Why templates matter

Section 3.11 turns design-based principles into operational templates. The goal is to standardize what must be written down before analysis: assignment, estimands, diagnostics, inference, and reporting. A good template reduces researcher degrees of freedom and makes credibility checks routine.

Design protocol template

A design protocol is a structured, time-stamped document created before outcome analysis. It should include:

  • The research question and intervention, in plain language.
  • Assignment mechanism (randomized vs observational) and unit of assignment.
  • Data structure ($N$, $T$, panel type, cohorts).
  • Treatment window and measurement windows.
  • Target estimand (ATT, $\tau(g,t)$, $\theta_k$, or $\mu(d)$) aligned to the question.
  • Primary and secondary outcomes with measurement units and transformations.
  • Estimator choice with chapter references.
  • Identification assumptions (parallel trends, low-rank structure, conditional independence, etc.).
  • Inference plan (clustering, bootstrap, randomization inference, multiplicity).
  • Diagnostics and sensitivity analyses.
  • Threats to validity and design mitigations.
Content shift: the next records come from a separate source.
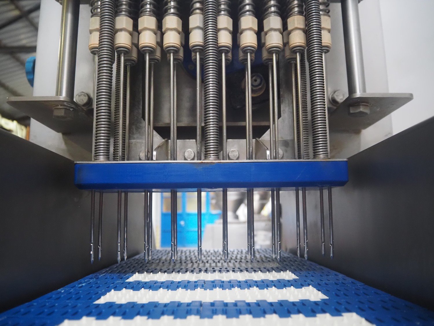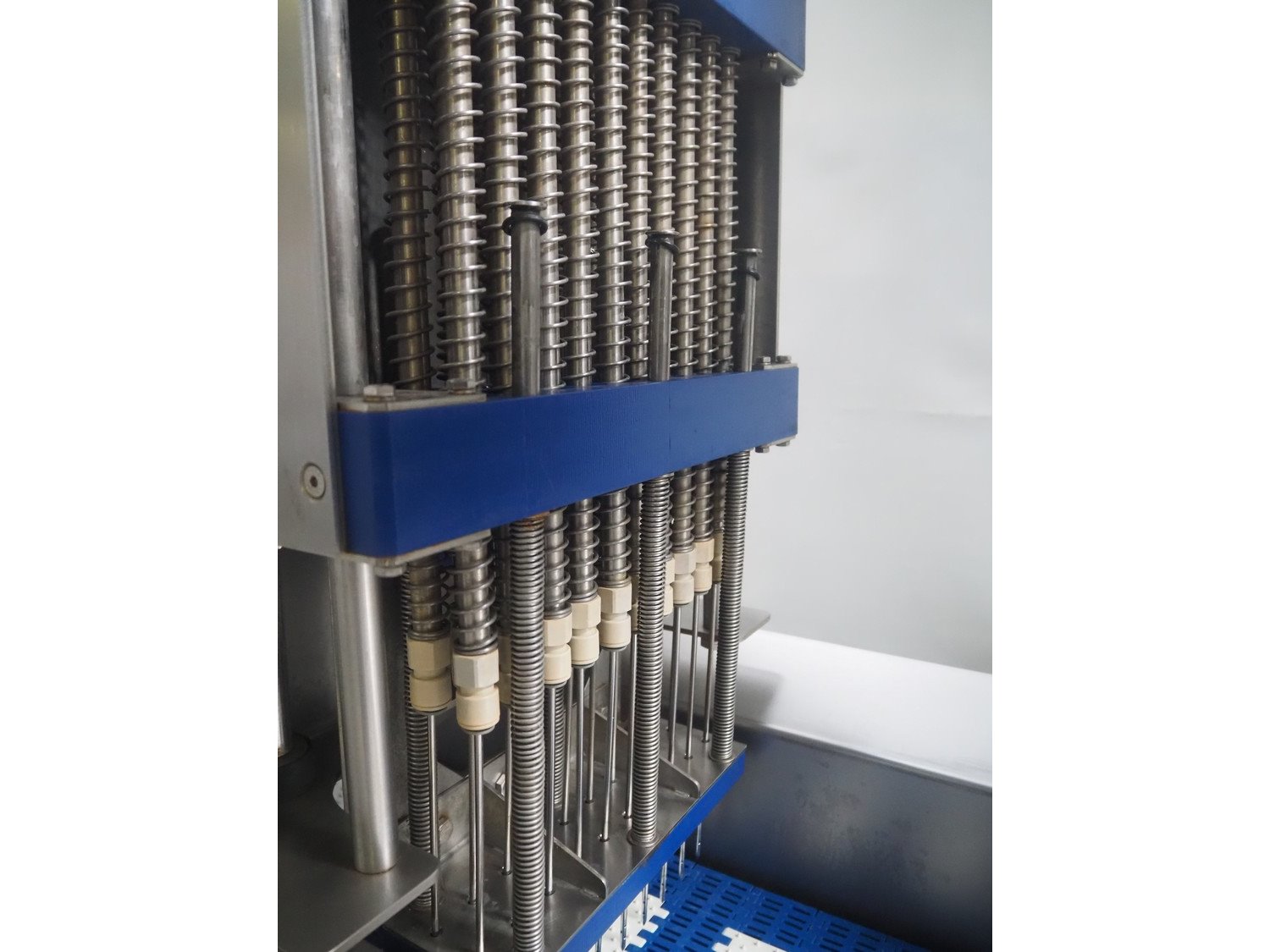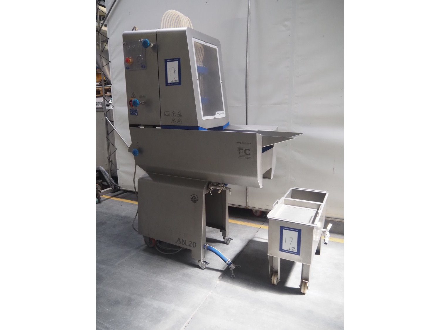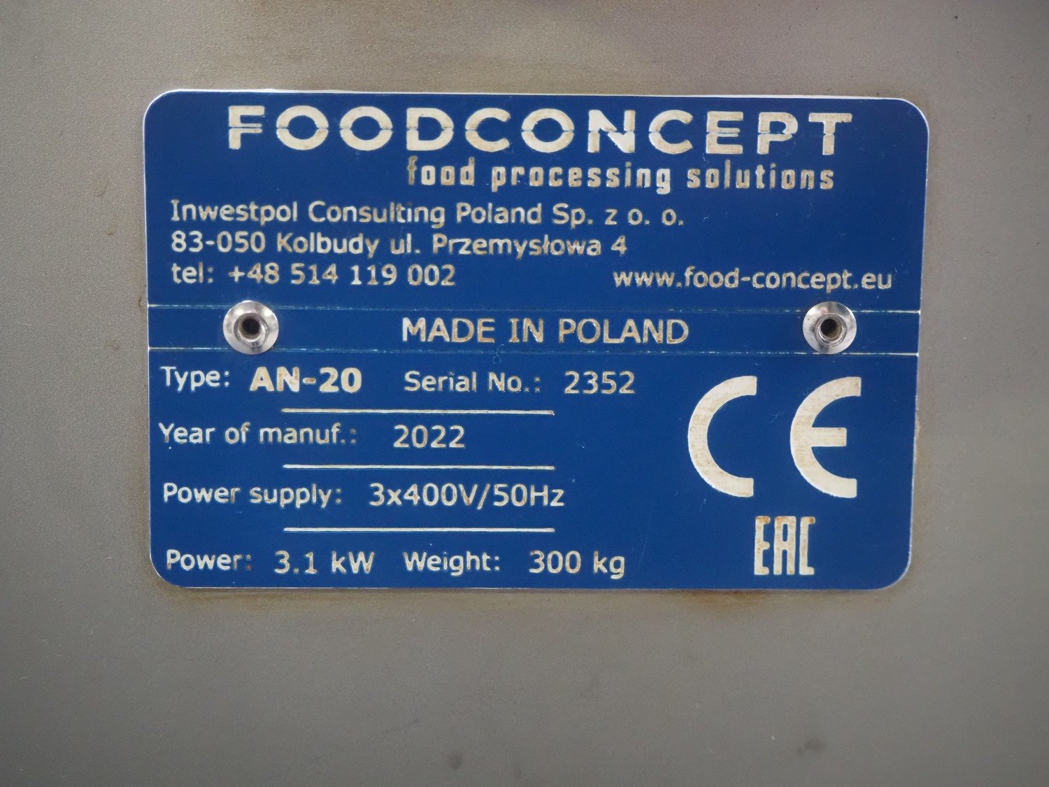 Foodconcept mobile injector with filter tub, type: AN-20, serial number: 2352, year of construction: 2022, 400 V, 3 Ph, 50 Hz, 3.1 kW, 300 kg, 20 needles, plastic mesh belt, belt width: 285 mm, total dimensions: 1300 mm x 650 mm x 2100 mm, dimensions filter tub: 800 mm x 400 mm x 600 mm.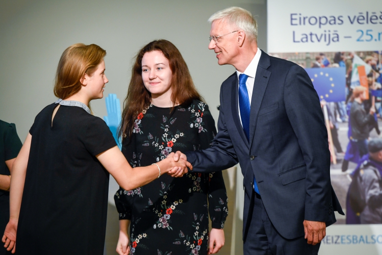 Vēstnieces Madaru Ābomu un Esteri Kristiānu Ozoliņu apsveic Ministru prezidents, bijušais Eiropas Parlamenta deputāts Krišjānis Kariņš.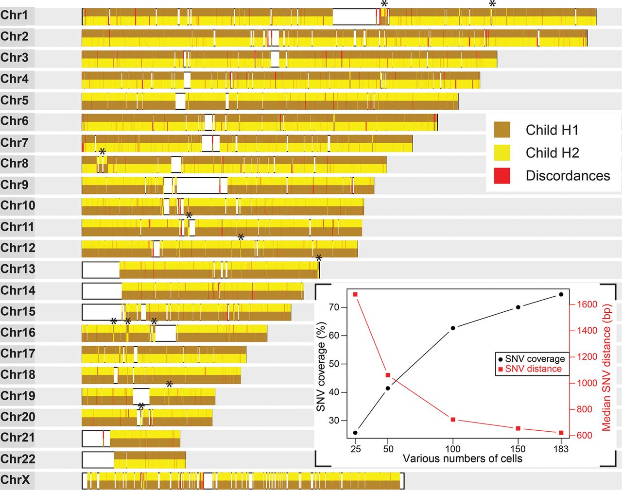 Accurate and dense whole-genome haplotypes are built from multiple single-cell Strand-seq libraries. Assembled haplotypes of the child derived from 183 Strand-seq libraries. Chromosome ideograms illustrate 151,700 high-confidence (covered in more than one cell) heterozygous SNV positions phased from Strand-seq data and compared with the HapMap reference. The consensus haplotypes determined by Strand-seq are depicted for each chromosome, with each SNV represented by a vertical line and color-coded based on whether it matched the child's reference homolog 1 (brown) or homolog 2 (yellow) listed in the HapMap reference. The contiguous haplotypes extend the whole length of each chromosome, spanning centromeres and reference assembly gaps (white blocks). Discordant alleles that did not match either reference haplotype are shown in red. (Asterisks) Short localized switches in haplotypes that were confirmed as homozygous inversions. (Inset) The percentage of HapMap reference SNVs covered (black line) and the median distance between these SNVs (red line) are plotted for various numbers of single-cell libraries (25, 50, 100, 150), randomly sampled from the entire data set of 183 cells.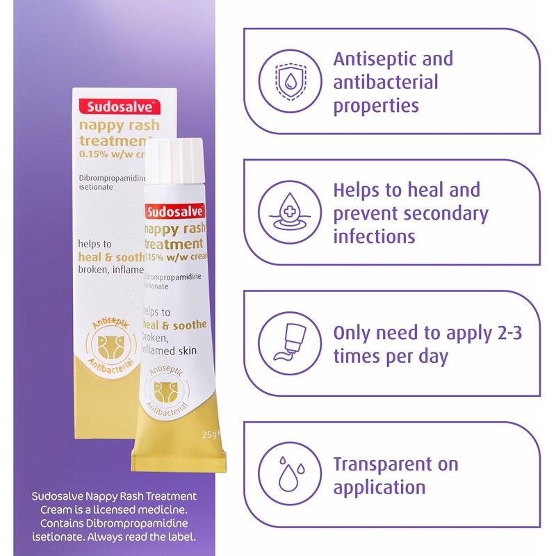 Sudosalve™ Nappy Rash Treatment Cream is specially formulated to soothe and heal broken and inflamed skin caused by nappy rash. This antiseptic cream contains antibacterial properties that help kill certain types of bacteria and fungi, preventing secondary infections. Its transparent formula glides easily over the skin, reducing discomfort and irritation, and ensuring gentle application. Sudosalve™ is designed for use 2-3 times a day, helping to heal and protect your baby’s skin from the first signs of nappy rash.

The protocol should be archived with immutable timestamps and updated only through addenda, never by overwriting the original.

Diagnostic checklist

The diagnostic checklist mirrors the Chapter 17 workflow and ties each diagnostic to an identification requirement:

  • Assignment transparency and balance checks support parallel trends.
  • Pre-trend diagnostics assess no-anticipation and parallel trends.
  • Overlap checks support conditional independence.
  • Spillover checks test SUTVA and exposure assumptions.
  • Seasonality and event checks guard against confounding shocks.
  • Measurement stability ensures consistent interpretation of $Y_{it}(d)$.
  • Power and inference checks align evidential standards with the planned estimand.

When diagnostics fail, the default response is to revise the design or narrow the estimand, not to proceed and hope for the best.

Visual documentation templates

Section 3.11 highlights three visual templates to document assignment:

  • Assignment matrices for phased rollouts and staggered adoption.
  • Geo-experiment maps with buffers and stratification.
  • Switchback schedules with washout periods and day-of-week balance.

These visuals are not decoration. They make the assignment mechanism auditable.

Assignment-to-estimator crosswalk

Table 3.1 provides a practical map from assignment to estimands and recommended estimators. Examples:

  • Randomized block $\rightarrow$ ATT, event-time $\theta_k$ with DiD and event-study diagnostics.
  • Staggered adoption with heterogeneity $\rightarrow$ $\tau(g,t)$ and $\theta_k$ via Callaway-Sant’Anna or Sun-Abraham.
  • Single treated unit $\rightarrow$ synthetic control or SDID with placebo inference.
  • Common shocks $\rightarrow$ factor models or matrix completion when parallel trends fails.
  • Continuous intensity $\rightarrow$ dose-response $\mu(d)$ with DML and distributed lags.
  • Spillovers $\rightarrow$ exposure mapping, spatial/network models, and bounds.

Pre-analysis plan template

The pre-analysis plan is a full, analysis-ready template that captures:

  • Study metadata and finalization date.
  • A one-sentence research question.
  • Assignment mechanism and panel structure.
  • Estimand definition with notation.
  • Primary and secondary outcomes.
  • Estimator choice and identification assumptions.
  • Inference plan and multiplicity adjustment.
  • Ex ante diagnostics and sensitivity analyses.
  • Threats to validity and mitigation actions.
  • Reporting plan with a commitment to publish all pre-specified analyses.

Takeaway

Section 3.11 is about operational discipline. Templates and checklists make design decisions explicit, diagnostics routine, and reporting credible. The payoff is not just transparency but better design choices before it is too late to change them.

References

  • Shaw, C. (2025). Causal Inference in Marketing: Panel Data and Machine Learning Methods (Community Review Edition), Section 3.11.
  • Callaway, B., and Sant’Anna, P. H. C. (2021). Difference-in-differences with multiple time periods.
  • Sun, L., and Abraham, S. (2021). Estimating dynamic treatment effects in event studies with heterogeneous effects.
  • Abadie, A., Diamond, A., and Hainmueller, J. (2010). Synthetic control methods for comparative case studies.
  • Arkhangelsky, D., et al. (2021). Synthetic difference-in-differences.
  • Bai, J. (2009). Panel data models with interactive fixed effects.
  • Chernozhukov, V., et al. (2017). Double/debiased machine learning.